Convergence is fast — typically within 5-10 cycles. This is characteristic of JMLE for the Rasch model: with only one parameter per item and the raw score as a sufficient statistic for \(\theta\), the alternating algorithm settles quickly.

Watching JMLE Converge

hist_df <- rasch_result$history
hist_df$Item <- factor(hist_df$Item, labels = paste("Item", 1:5))

p1 <- ggplot(hist_df, aes(x = Cycle, y = d, color = Item)) +
  geom_line(linewidth = 1) +
  labs(title = "Intercept (d) Estimates Across Rasch JMLE Cycles",
       y = "Intercept (d)") +
  theme_minimal(base_size = 12) +
  theme(legend.position = "right")

p2 <- ggplot(hist_df[hist_df$Item == "Item 1", ],
             aes(x = Cycle, y = LogLik)) +
  geom_line(linewidth = 1, color = "black") +
  labs(title = "Joint Log-Likelihood Across JMLE Cycles",
       y = "Log-Likelihood") +
  theme_minimal(base_size = 12)

gridExtra::grid.arrange(p1, p2, ncol = 1)

The log-likelihood increases monotonically at each cycle — a fundamental property of the alternating optimization approach.

Theta Estimates

theta_df <- data.frame(theta = rasch_result$theta,
                       score = rowSums(resp_matrix))

ggplot(theta_df, aes(x = theta)) +
  geom_histogram(bins = 20, fill = "steelblue", alpha = 0.7, color = "white") +
  labs(title = "Distribution of Rasch JMLE Theta Estimates",
       x = expression(hat(theta)), y = "Count") +
  theme_minimal(base_size = 13)

theta_final <- theta_df %>%
  group_by(score) %>%
  summarize(Theta = round(mean(theta), 4),
            N = n(), .groups = "drop")

kable(theta_final, col.names = c("Raw Score", "Theta Estimate", "N"),
      caption = "Final Rasch JMLE Theta Estimates by Raw Score")
Final Rasch JMLE Theta Estimates by Raw Score
Raw Score Theta Estimate N
0 -3.9721 3
1 -2.6439 20
2 -1.4492 85
3 -0.4215 237
4 0.7730 357
5 4.0279 298

In the Rasch model, all examinees with the same raw score receive the same \(\theta\) estimate. This is because the raw score is a sufficient statistic for \(\theta\) in the Rasch model — it captures all the information in the response pattern about the examinee’s ability.

The JMLE Bias Correction for the Rasch Model

A well-known result for the Rasch model is that JMLE item parameter estimates are biased (Wright & Douglas, 1977). Specifically, the JMLE estimates of item difficulty converge to \(\frac{n}{n-1}\) times the true values, where \(n\) is the number of items. With 5 items, this means the JMLE estimates are inflated (farther from zero) by a factor of \(5/4 = 1.25\).

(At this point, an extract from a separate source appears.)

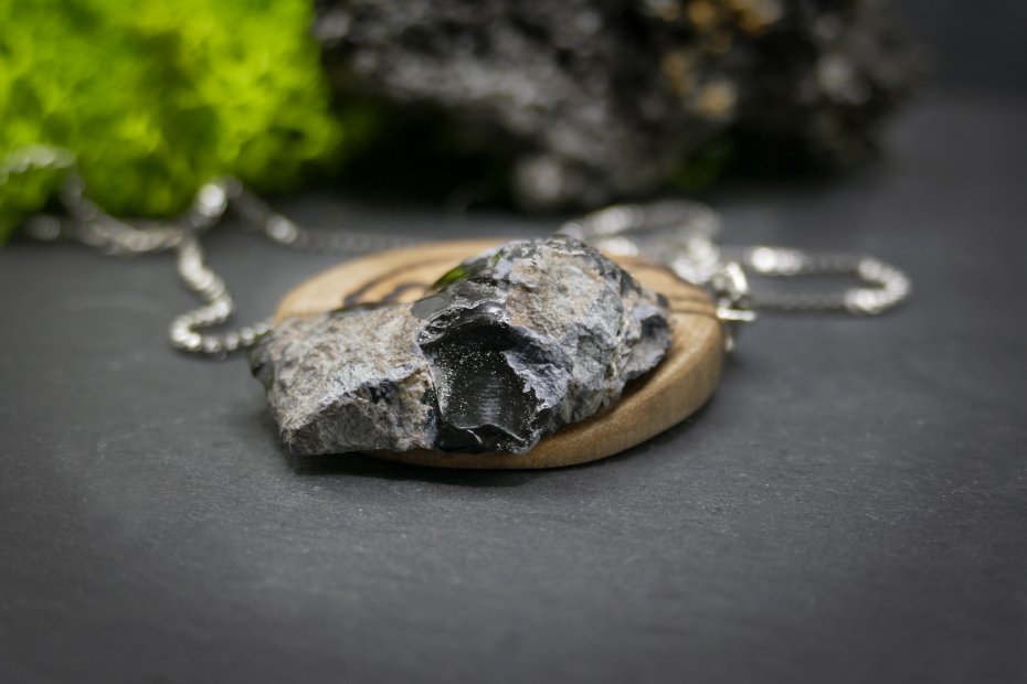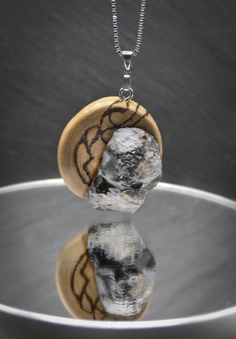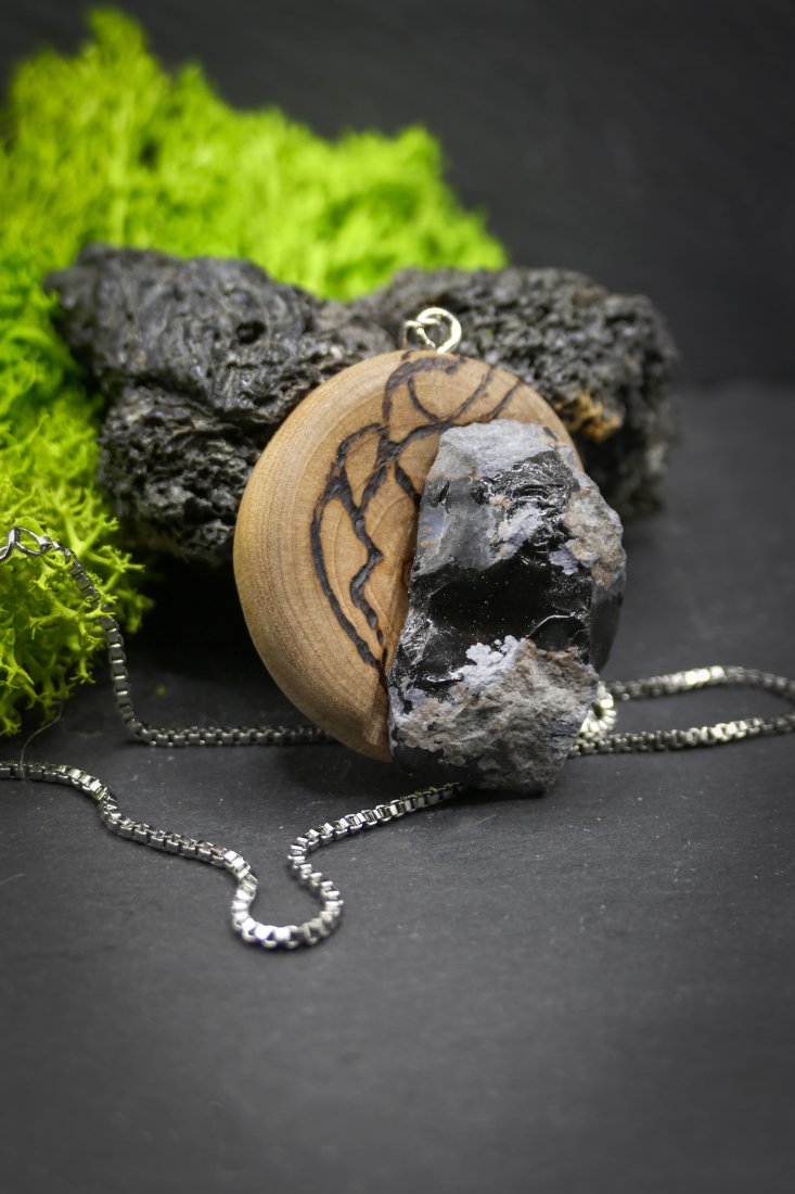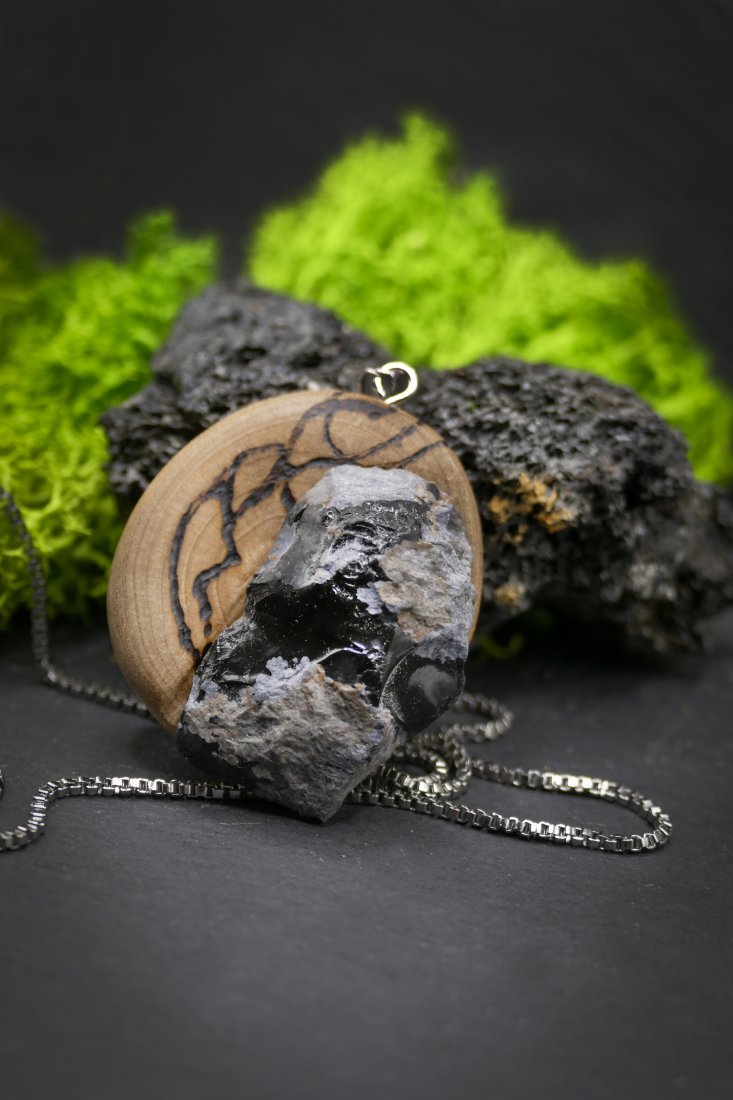 W centrum minimalistycznej formy znajduje się surowy obsydian śnieżny, który tworzy wyrazisty kontrast z ciepłym odcieniem drewna.

The correction is simple: multiply the JMLE estimates by \(\frac{n-1}{n}\). This approximates what conditional maximum likelihood (CML) would give — the gold standard for Rasch calibration, which conditions on the sufficient statistics and avoids the incidental parameter problem entirely.

# Apply the (n-1)/n bias correction to our JMLE estimates
correction <- (n_items - 1) / n_items  # = 4/5 = 0.8
d_corrected <- rasch_result$d * correction
b_corrected <- rasch_result$b * correction

# Comparison table
comp_rasch <- data.frame(
  Item = 1:5,
  JMLE_d = round(rasch_result$d, 4),
  Corrected_d = round(d_corrected, 4),
  JMLE_b = round(rasch_result$b, 4),
  Corrected_b = round(b_corrected, 4)
)

kable(comp_rasch,
      col.names = c("Item", "JMLE d", "Corrected d",
                     "JMLE b", "Corrected b"),
      caption = "Rasch JMLE Estimates and Bias-Corrected Values")
Rasch JMLE Estimates and Bias-Corrected Values
Item JMLE d Corrected d JMLE b Corrected b
1 2.4830 1.9864 -2.4830 -1.9864
2 0.4042 0.3233 -0.4042 -0.3233
3 -0.6180 -0.4944 0.6180 0.4944
4 0.7925 0.6340 -0.7925 -0.6340
5 1.7513 1.4010 -1.7513 -1.4010

The correction brings the estimates 20% closer to zero. With more items, the correction is smaller (e.g., \(29/30 \approx 0.97\) for a 30-item test), which is why the Rasch JMLE bias is less of a concern for longer tests.

This known, correctable bias for Rasch JMLE is relatively benign. The situation becomes more problematic when we move to the 2PL model, where the discrimination parameter is biased and there is no simple correction formula.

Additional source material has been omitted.